-------- THE DATA --------

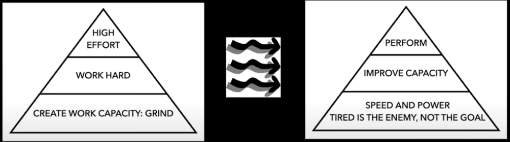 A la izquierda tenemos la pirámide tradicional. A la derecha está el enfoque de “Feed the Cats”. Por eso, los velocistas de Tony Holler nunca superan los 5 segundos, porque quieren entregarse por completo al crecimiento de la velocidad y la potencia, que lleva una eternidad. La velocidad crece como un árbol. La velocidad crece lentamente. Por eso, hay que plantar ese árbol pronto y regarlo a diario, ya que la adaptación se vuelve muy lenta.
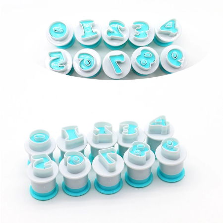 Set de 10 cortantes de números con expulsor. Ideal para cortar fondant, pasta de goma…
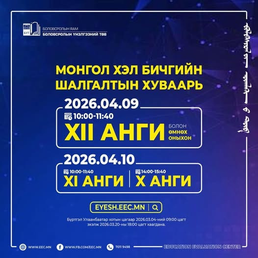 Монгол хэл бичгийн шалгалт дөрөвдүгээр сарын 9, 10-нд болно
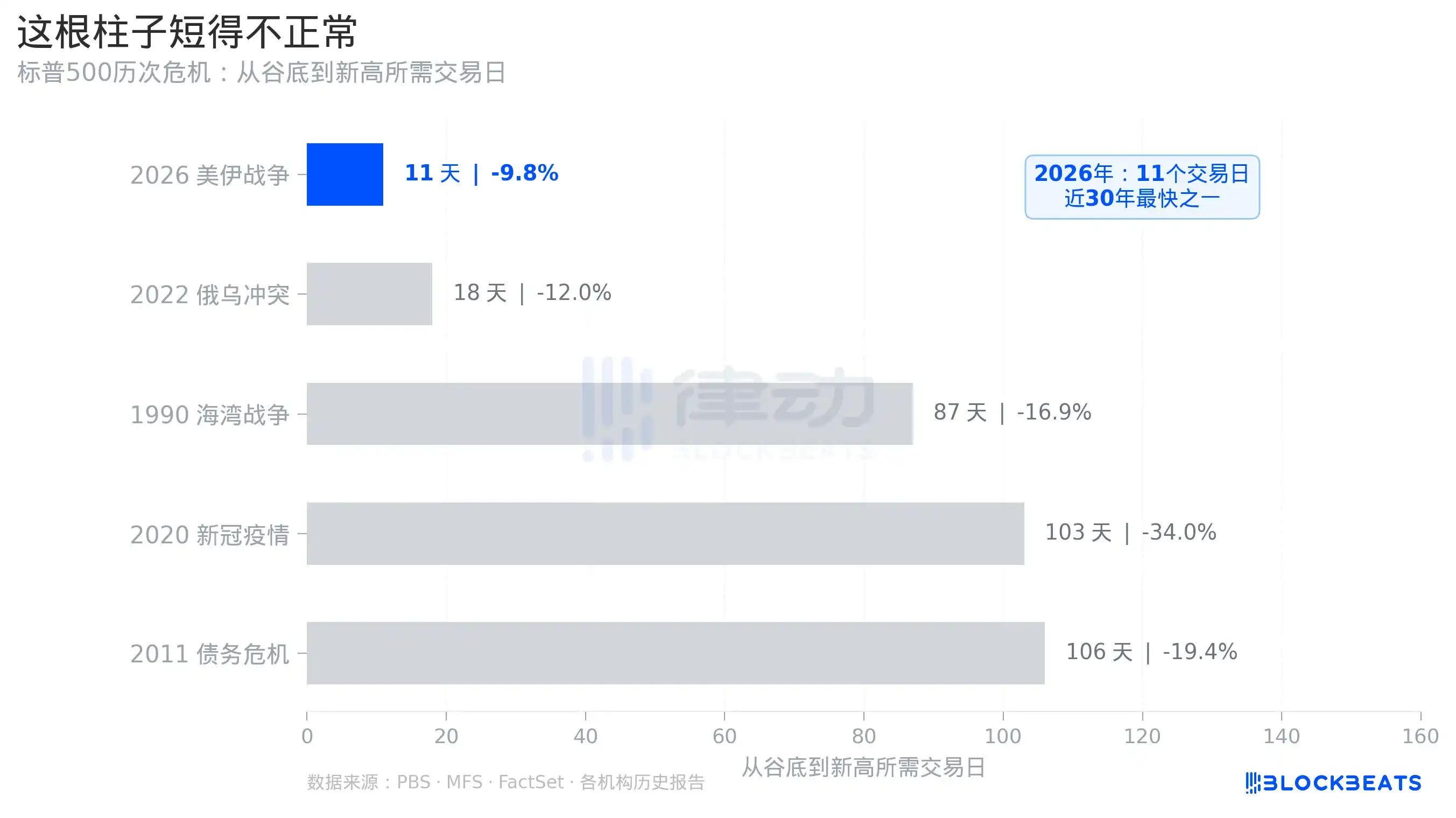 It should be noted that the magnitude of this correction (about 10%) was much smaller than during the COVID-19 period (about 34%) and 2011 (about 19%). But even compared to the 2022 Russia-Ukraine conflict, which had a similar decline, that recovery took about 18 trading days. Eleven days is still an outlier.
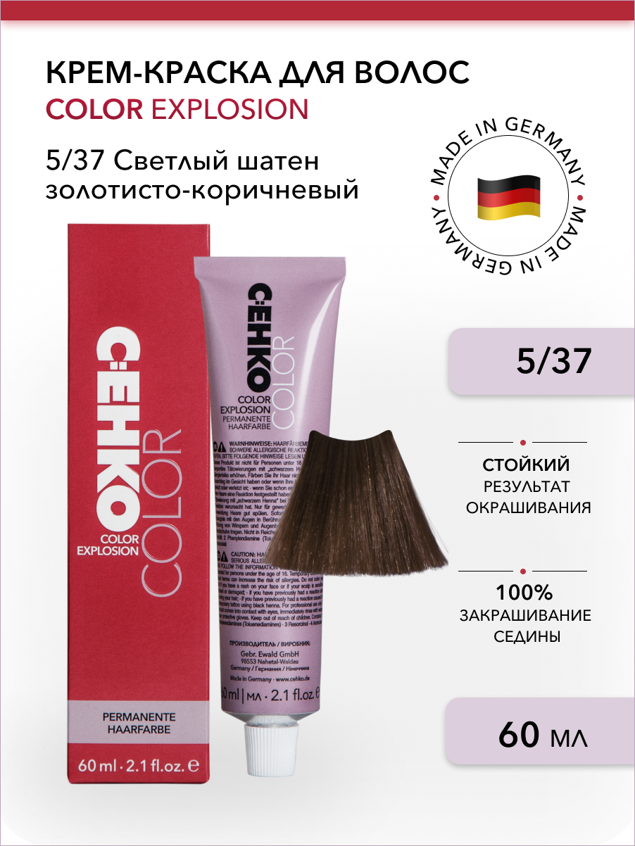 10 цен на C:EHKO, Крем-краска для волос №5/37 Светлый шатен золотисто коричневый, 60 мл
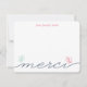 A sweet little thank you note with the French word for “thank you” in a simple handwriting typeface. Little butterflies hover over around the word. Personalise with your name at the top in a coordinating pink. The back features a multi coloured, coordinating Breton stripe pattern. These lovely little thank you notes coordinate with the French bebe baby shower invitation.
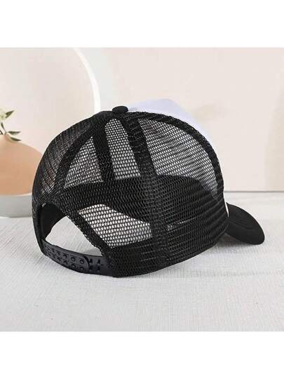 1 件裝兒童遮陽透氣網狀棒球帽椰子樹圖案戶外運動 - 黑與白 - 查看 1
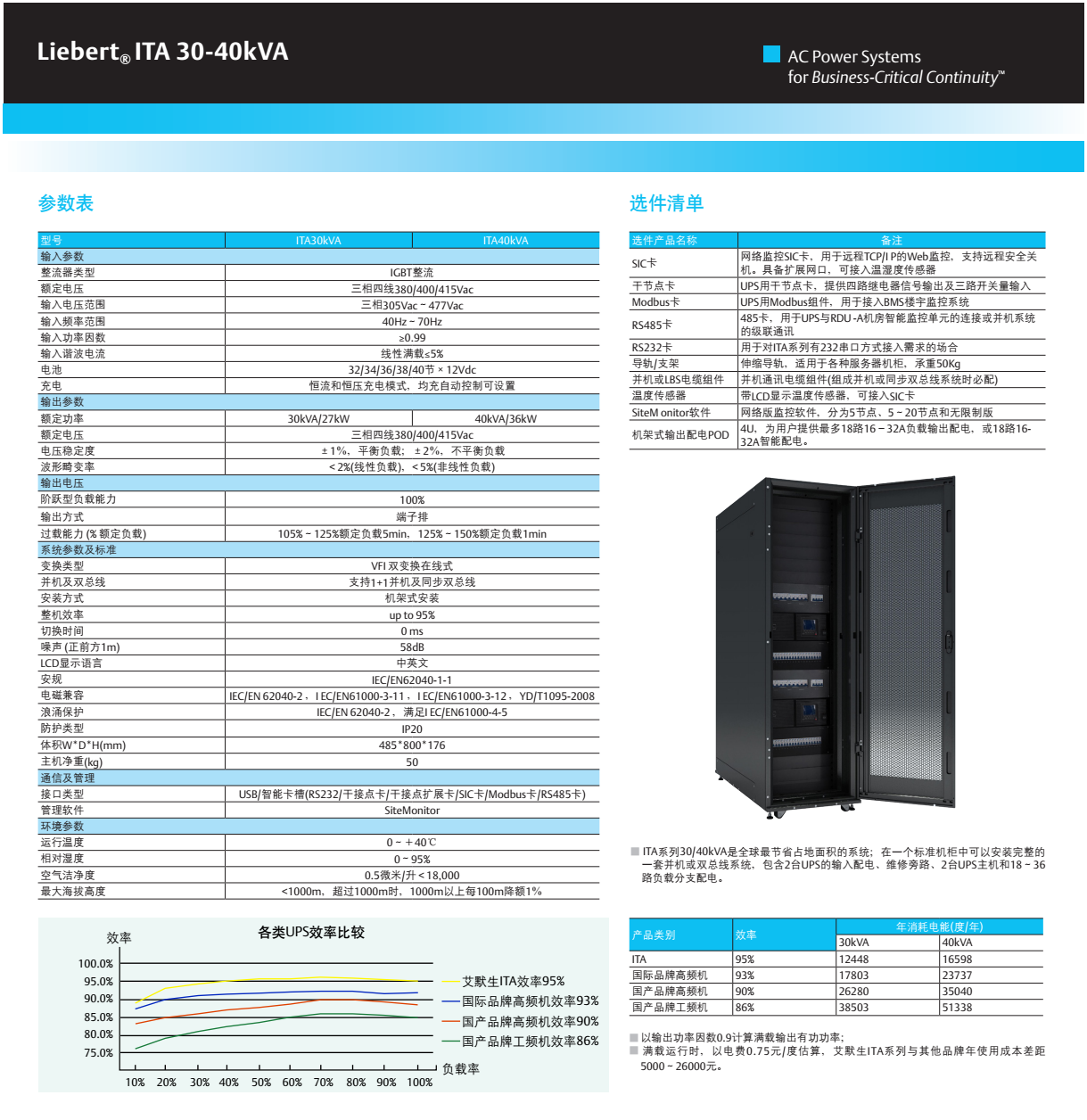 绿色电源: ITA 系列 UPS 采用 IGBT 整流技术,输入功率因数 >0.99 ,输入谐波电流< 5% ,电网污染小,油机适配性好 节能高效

--------
-------- THE DATA --------

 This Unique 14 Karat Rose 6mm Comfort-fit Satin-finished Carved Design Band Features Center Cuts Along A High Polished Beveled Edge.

--------

TASK ITEM.
If a picture sits between the line containing "1 件裝兒童遮陽透氣網狀棒球帽椰子樹圖案戶外運動 - 黑與白 - 查看 1" and the line containing "绿色电源: ITA 系列", leave it out, and return the lines of that range above exactly, both ends included.

ANSWER FOR THE TASK.
 1 件裝兒童遮陽透氣網狀棒球帽椰子樹圖案戶外運動 - 黑與白 - 查看 1
 绿色电源: ITA 系列 UPS 采用 IGBT 整流技术,输入功率因数 >0.99 ,输入谐波电流< 5% ,电网污染小,油机适配性好 节能高效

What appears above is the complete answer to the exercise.